## EXERCISE PROMPT
Could you copy the data that follows exactly as written, but drop the pictures?

─── MATERIAL PROVIDED

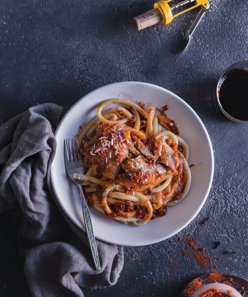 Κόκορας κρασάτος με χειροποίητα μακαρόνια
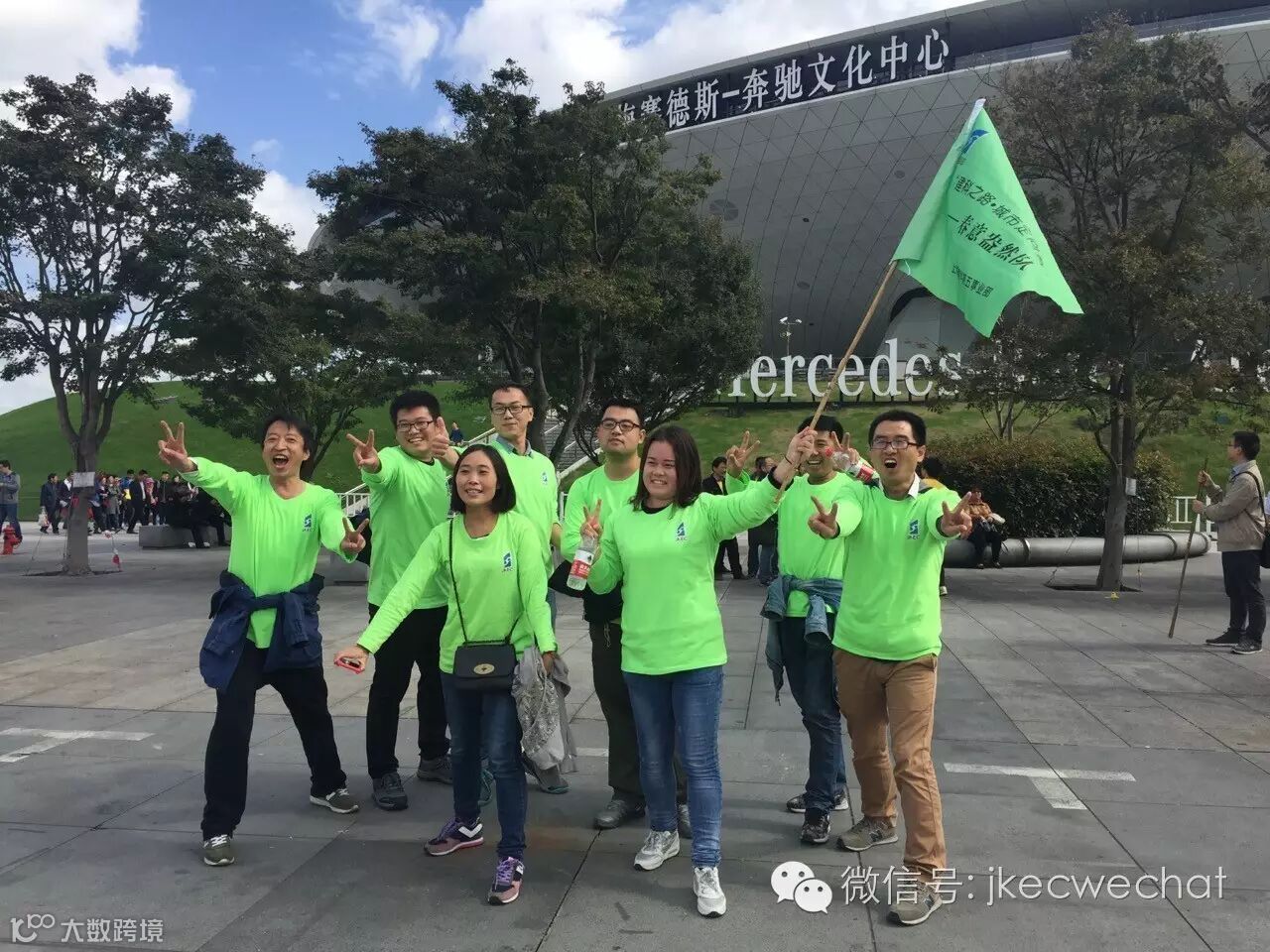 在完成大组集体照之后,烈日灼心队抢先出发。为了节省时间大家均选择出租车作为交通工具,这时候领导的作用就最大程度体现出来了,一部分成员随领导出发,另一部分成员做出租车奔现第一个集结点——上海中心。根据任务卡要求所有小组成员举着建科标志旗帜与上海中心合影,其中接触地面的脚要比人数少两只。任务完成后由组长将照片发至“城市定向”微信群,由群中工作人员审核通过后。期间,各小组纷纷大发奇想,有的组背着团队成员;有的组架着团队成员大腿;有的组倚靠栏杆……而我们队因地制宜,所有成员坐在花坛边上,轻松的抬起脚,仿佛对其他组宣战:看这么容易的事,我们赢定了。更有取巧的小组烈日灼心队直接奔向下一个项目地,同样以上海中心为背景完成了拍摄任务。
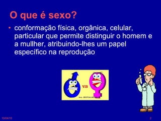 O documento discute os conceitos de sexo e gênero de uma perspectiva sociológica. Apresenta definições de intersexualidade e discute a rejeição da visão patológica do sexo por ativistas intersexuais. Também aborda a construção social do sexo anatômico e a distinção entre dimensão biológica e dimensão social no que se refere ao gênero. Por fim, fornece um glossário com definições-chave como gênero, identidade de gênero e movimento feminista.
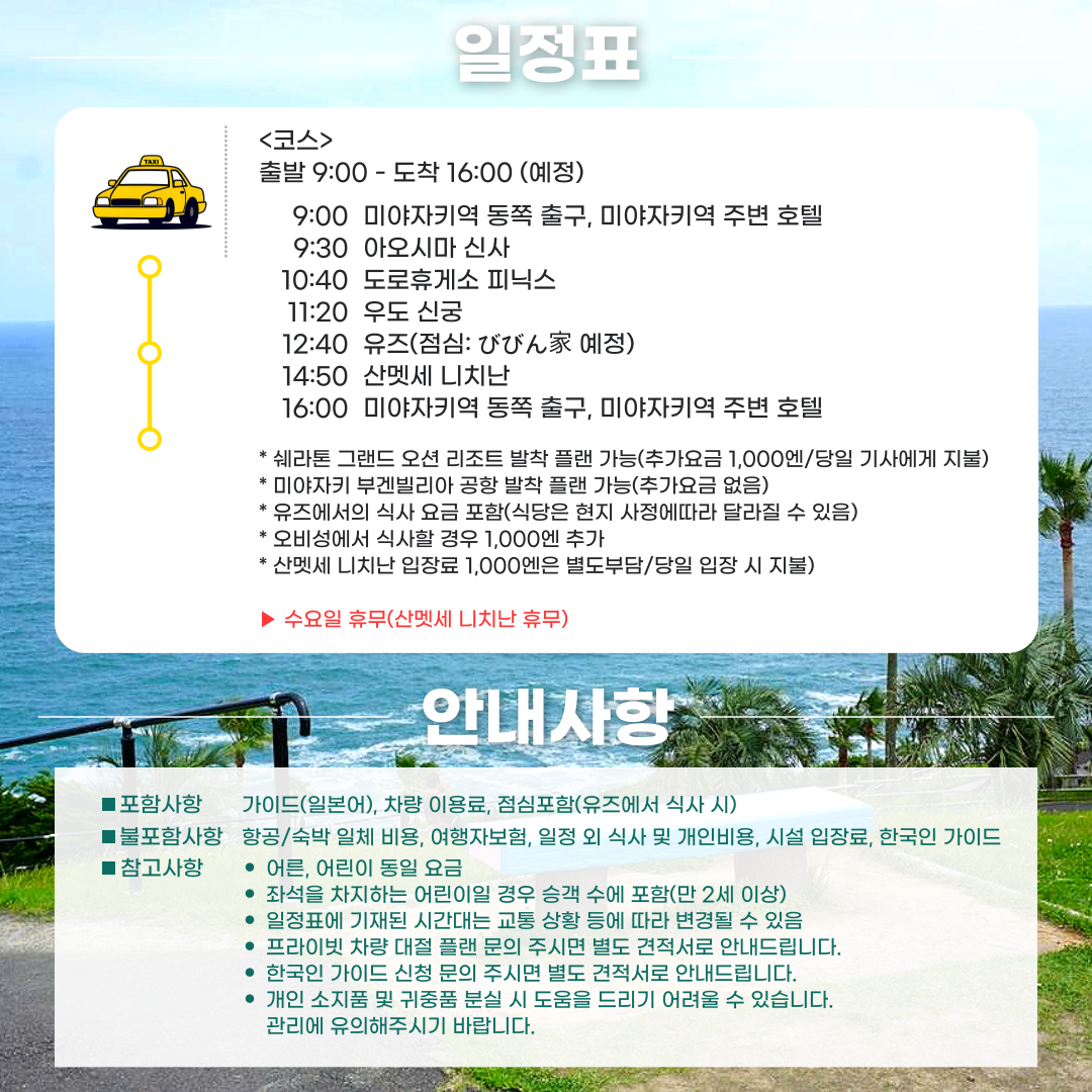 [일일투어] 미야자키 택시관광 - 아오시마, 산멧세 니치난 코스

──────

## OUTPUT FOR THIS EXERCISE
 Κόκορας κρασάτος με χειροποίητα μακαρόνια
 在完成大组集体照之后,烈日灼心队抢先出发。为了节省时间大家均选择出租车作为交通工具,这时候领导的作用就最大程度体现出来了,一部分成员随领导出发,另一部分成员做出租车奔现第一个集结点——上海中心。根据任务卡要求所有小组成员举着建科标志旗帜与上海中心合影,其中接触地面的脚要比人数少两只。任务完成后由组长将照片发至“城市定向”微信群,由群中工作人员审核通过后。期间,各小组纷纷大发奇想,有的组背着团队成员;有的组架着团队成员大腿;有的组倚靠栏杆……而我们队因地制宜,所有成员坐在花坛边上,轻松的抬起脚,仿佛对其他组宣战:看这么容易的事,我们赢定了。更有取巧的小组烈日灼心队直接奔向下一个项目地,同样以上海中心为背景完成了拍摄任务。
 O documento discute os conceitos de sexo e gênero de uma perspectiva sociológica. Apresenta definições de intersexualidade e discute a rejeição da visão patológica do sexo por ativistas intersexuais. Também aborda a construção social do sexo anatômico e a distinção entre dimensão biológica e dimensão social no que se refere ao gênero. Por fim, fornece um glossário com definições-chave como gênero, identidade de gênero e movimento feminista.
 [일일투어] 미야자키 택시관광 - 아오시마, 산멧세 니치난 코스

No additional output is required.